Let's start with a very simple scenario which I'll call the login problem. Alice and Bob share a key as before, but now Alice wants to simply prove her identity to Bob. What makes it challenging is
that this time they need to tackle not the passive eavesdropping Eve but the active adversary Mallory who completely controls the communication channel between them and can modify (or mall) any message that they send out.
Specifically for the identity proving case, we think of the following scenario. Each instance of such an identification protocol consists of some interaction between Alice and Bob that ends with Bob deciding whether to accept it
as authentic or reject as an impersonation attempt. Mallory's goal is to fool Bob into accepting her as Alice.
The most basic way to try to solve the login problem is simply using a password. That is, if we assume that Alice and Bob can share a key, we can treat this key as some secret password $p$ that was selected at random from ${0,1}^n$ (and hence can only be guessed with probability $2^{-n}$). Why doesn't Alice simply send $p$ to Bob to prove to him her identity?
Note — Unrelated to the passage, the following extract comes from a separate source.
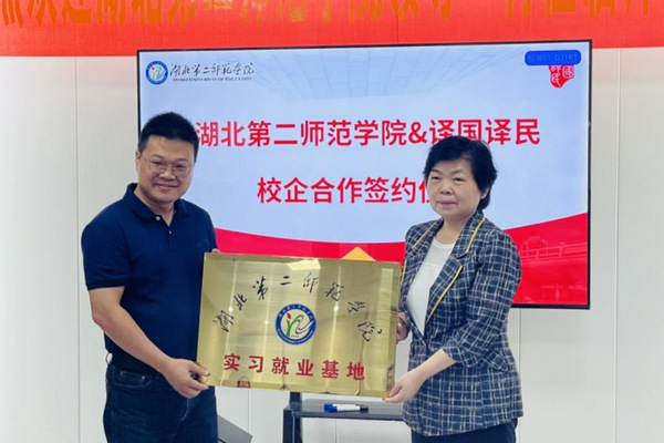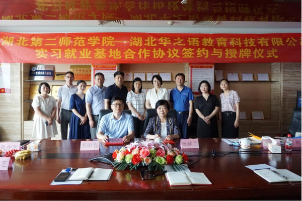 杨鲜兰代表学校分别与译国译民翻译服务公司、湖北华之语教育科技有限公司签订校企合作协议并授牌。
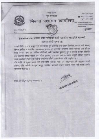 » इजाजतपत्र प्राप्त हतियार समेत नजिकको प्रहरी इकाईमा बुझाइदिने सम्बन्धी अत्यन्त जरुरी सूचना

A moment's thought shows that this would be a very bad idea. Since Mallory is controlling the communication line, she would learn $p$ after the first identification attempt and then could impersonate Alice in future interactions. However, we seem to have just the tool to protect the secrecy of $p$--- encryption. Suppose that Alice and Bob share a secret key $k$ and an additional secret password $p$. Wouldn't a simple way to solve the login problem be for Alice to send to Bob an encryption of the password $p$? After all, the security of the encryption should guarantee that Mallory can't learn $p$, right?
{ .pause }
This would be a good time to stop reading and try to think for yourself whether using a secure encryption to encrypt $p$ would guarantee security for the login problem. (No really, stop and think about it.)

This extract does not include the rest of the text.